Incorporation of Spatially Heterogeneous Area Partitioning into Vector-Based Cellular Automata for Simulating Urban Land-Use Changes

In cellular automata (CA) modeling, spatial heterogeneity can be delineated by geographical area partitioning. The dual constrained space clustering method is a prevalent approach for providing an objective and effective representation of differences within urban regions. However, previous studies faced issues by ignoring spatial heterogeneity, which could lead to an over- or under-estimation of the simulation results. Accordingly, this study attempts to incorporate spatially heterogeneous area partitioning into vector-based cellular automata (VCA), producing more accurate and reliable simulations of urban land-use change. First, an area partition strategy with DSC algorithm was employed to generate multiple relatively homogeneous sub-regions, which can effectively capture the spatial heterogeneity in the distribution of land-use change factors. Second, UrbanVCA, a brand-new VCA-based framework, was utilized for simulating land-use changes in distinct urban partitions.

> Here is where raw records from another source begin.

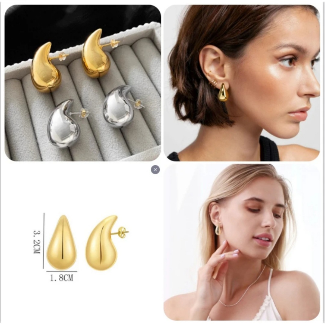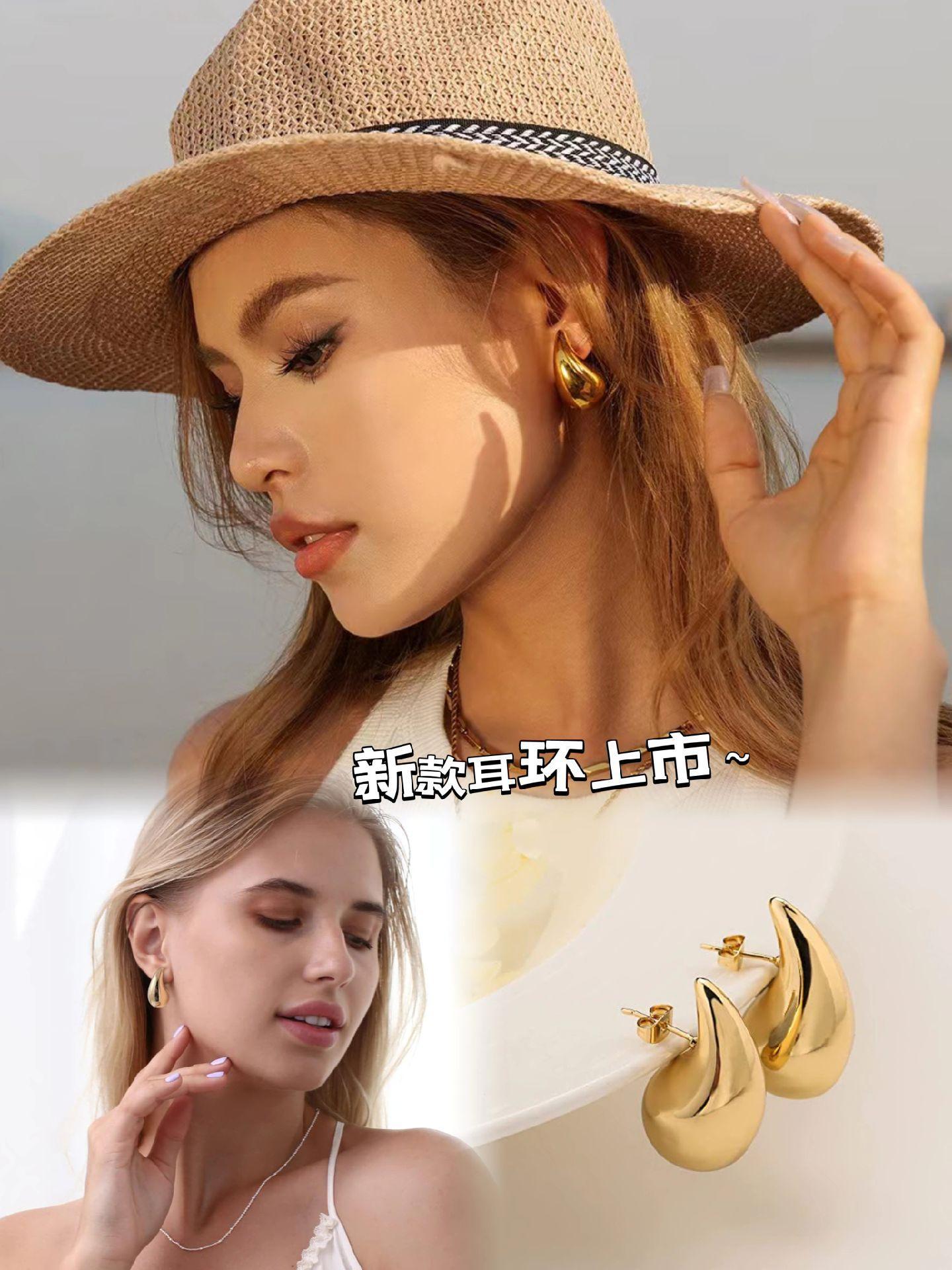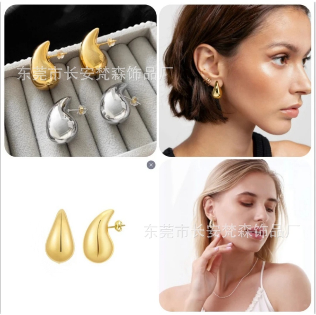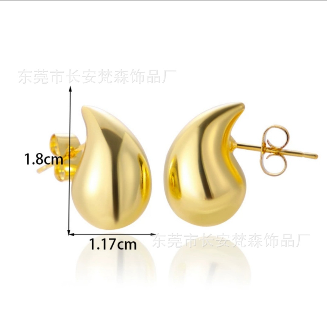 亚马逊欧美爆款INS风 不锈钢实心水滴耳环女生 18K金电镀时尚耳饰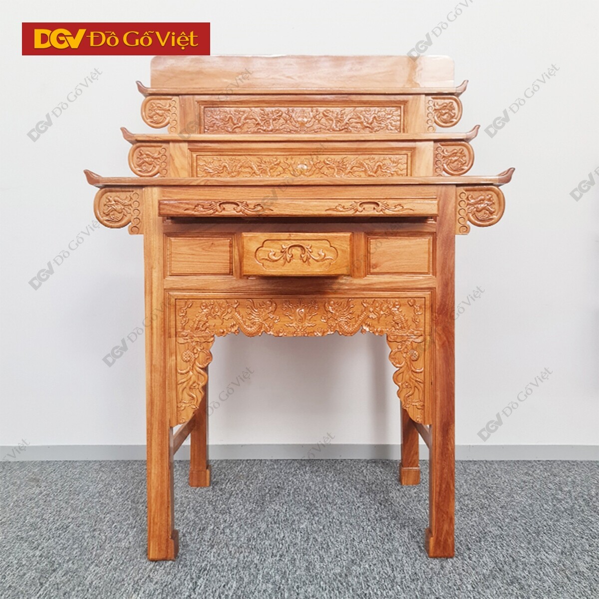 Bàn Thờ 2 Tầng Gỗ Gõ Đỏ Chạm Rồng 1m27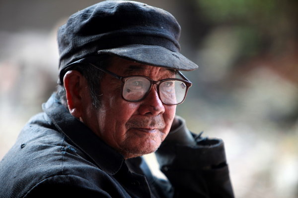 | Jiang Deji fixes a leaky cauldron on Nov 13. [Photo/Xinhua] |

Finally, the constructed partitioned VCA model was applied to simulate rapid urban development in Jiangyin city from 2012 to 2017. The results indicated that the combination of DSC clustering and UrbanVCA model could obtain satisfying results as the average FoM values for the partitions and the entire study area exceeded 0.22. Furthermore, a comparative analysis of results from traditional area-partitioned CA models revealed that the proposed area partitioning approach had the potential to yield more accurate simulation outcomes as the FoM values were higher and SHDI and LSI metrics were closer to real-world observations, indicating its good performance in simulating fragmented urban landscapes.